UNEMBARGOED: Thabo Mbeki misses the point on the Khampepe report
Opinion & Columnist

UNEMBARGOED: Thabo Mbeki misses the point on the Khampepe report

BY SONGEZO ZIBI

WHILE the attentions of the South African public were occupied by events in Parliament, in Ferguson, Missouri and elsewhere, the ousted former president of the republic, Thabo Mbeki, penned a long Dear John letter to the Mail & Guardian. He is very unhappy and, in his eloquent style, went on to explain why, as preordained, he was right and the Mail & Guardian was wrong to accuse him of conniving to subvert democracy in Zimbabwe during the 2002 presidential elections.

The weekly has been fighting a protracted legal battle to lay its hands on a report handed over to Mr Mbeki by judges Dikgang Moseneke and Sisi Khampepe. Both are now respected members of the Constitutional Court. Mr Mbeki, like his successors President Jacob Zuma and caretaker president Kgalema Motlanthe, decided it should never see the light of day.

The Constitutional Court finally decided they were wrong, and the Mail & Guardian was correct to say that the 27-page document was public property. During the course of the litigation, important clarifications by the courts were made, in particular in the earlier judgment by the Constitutional Court. In it, former chief justice Sandile Ngcobo emphasised that government information must be regarded as public unless the government has compelling reasons why a piece of information should not be publicised.

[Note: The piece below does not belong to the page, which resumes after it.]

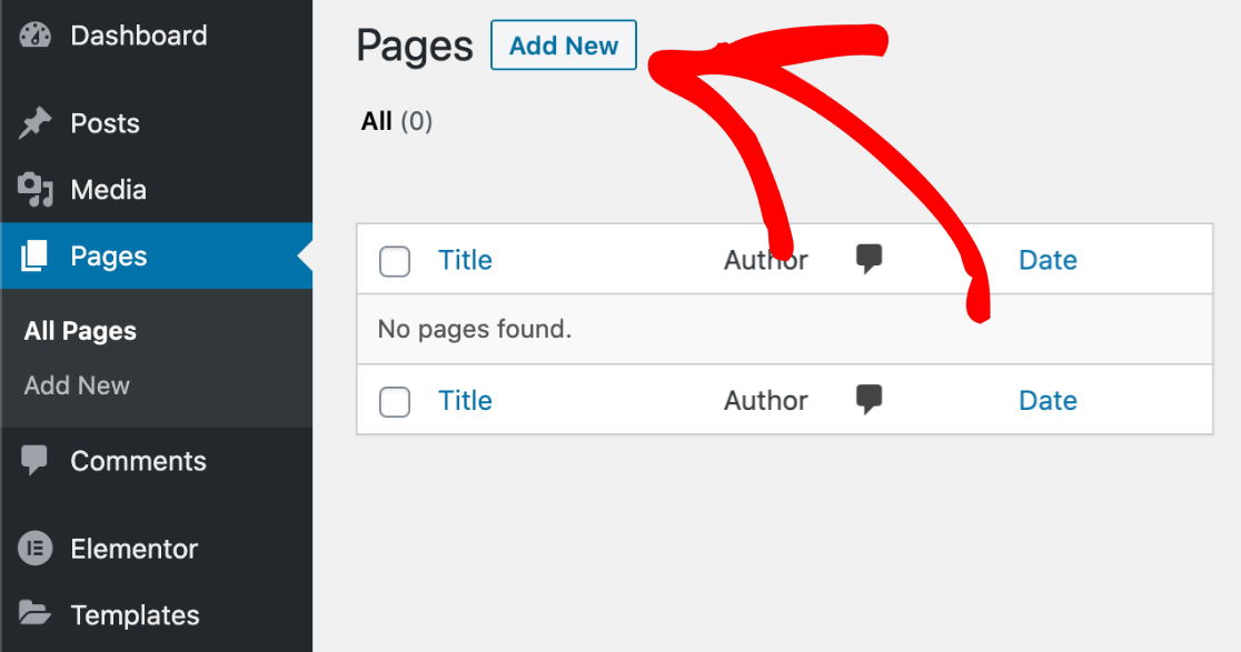 Para crear un formulario de contacto con Elementor, primero navegue hasta su panel de WordPress. Haga clic en Páginas en la barra lateral y luego en Agregar nuevo .

Judge Ngcobo didn’t reach this conclusion on spurious grounds. The main reason he gave was that it is not possible for citizens to make informed political choices if the information that should help them is kept away from them.

Nonetheless, he and the majority of the judges sent the matter back to the lower courts for a “judicial peek” at the report’s contents to determine if our naïve, brittle and intellectually challenged minds could handle its contents.

Of course, this fell on deaf ears as the same government went on to dream up something called the Protection of State Information Bill, which will make life decidedly uncomfortable for whistle-blowers and journalists — but I digress.

In his missive, Mr Mbeki sought to justify both his decisions to bury the report and to ignore its conclusions. He really is welcome to conclude whatever he wishes, including whether or not HIV causes AIDS. We also enjoy the same prerogative as he, and on this occasion the courts have ensured that we can exercise it with a little bit more information than he wanted us to.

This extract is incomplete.